The 2023 World Menstrual Hygiene Day was commemorated with a debate organised by the Rotary Pacific Water for Life Foundation last Thursday (June 1, 2023) hosted by The University of the South Pacific at its Laucala Campus.

The debate aimed to shed more light on the social issues surrounding menstruation and create a culture of awareness that would allow society to eliminate the stigma young girls and women face.

Officiating as Chief Guest at the event, Sarah Nisbet, the New Zealand High Commission’s First Secretary, stated that “menstrual cycle is a normal fact of life. We must all work towards normalising this fact of life and normalising the conversation.”

“I think that is one of the challenges for us here today and to figure out how do we do this and how do we start this conversation in the Pacific and any part of the world in a way that is culturally appropriate but continues to push those boundaries because it is such an important conversation that we need to be having.”

“The issue of women and girls being able to manage their menstruation with dignity is a human rights issue. Part of restoring that dignity is breaking the stigma around menstruation by ending the cycle through education, advocacy and awareness campaigns.”

As part of the programme, two teams from USP and two other teams from The University of Fiji battled it out in a debate competition, with the host institution winning both rounds.
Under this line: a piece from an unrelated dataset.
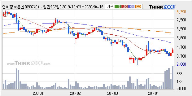연이정보통신의 2019년 매출액은 전년대비 10.0% 늘어난 3161억원이고, 영업이익 또한 전년대비 98.6% 늘어난 116억원을 기록했다. 이 회사의 매출액 증감률과 영업이익 증감률은 각각 코스닥 상위 39%, 상위 19%에 해당된다.

USP won the first round after taking the opposing side of the topic “Can Culture be a Barrier to Girls’ Lack of Knowledge on Menstrual Hygiene Management”, scoring 132 points against Uni Fiji, who was only two points behind.
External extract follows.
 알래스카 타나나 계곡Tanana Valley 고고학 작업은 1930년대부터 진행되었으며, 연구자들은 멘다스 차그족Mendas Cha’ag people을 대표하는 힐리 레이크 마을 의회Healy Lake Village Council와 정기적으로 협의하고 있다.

The second round of debate based on “Should there be a Policy in the Pacific Islands where Women and Girls are Allowed to take Leave Because of Menstruation”, was also won by team USP with an overall point of 131.

Speaking to the debate participants, Ms Nisbet stressed that such an initiative “will bring out new things and messages that will foster solidarity and conviction amongst different societies not only here in Fiji but also across the Pacific because we need to embrace this as a normal fact of life.”

“All the young people in this room, you are the future; through you, we must have this conversation, and I am sure you have some great ideas.”

USP Student Association (USPSA) Education Chair at the Laucala Campus, Teliigafou Palaku Sakaio, in her address during the commemoration at the Japan ICT Centre, said, “This is an opportunity to be able to educate, advocate and support the millions of women and girls around the world that are being discriminated, stigmatised and deprived of their sense of womanhood.”

“Our gratitude to the debate participants for accepting the invitation to be part of today’s programme even though the examination programme is right around the corner. May this experience allow us to understand the importance of menstrual cycle to accept its natural function and to be solid support for our sisters in need.”

This year’s World Menstruation Hygiene Day fell on May 28 with the theme ‘Making Menstruation a Normal Fact of Life by 2030’.

The Rotary Pacific Water for Life Foundation, as the organiser of the event, also reiterated its commitment to provide access to safe drinking water and adequate sanitation through capacity building and community development.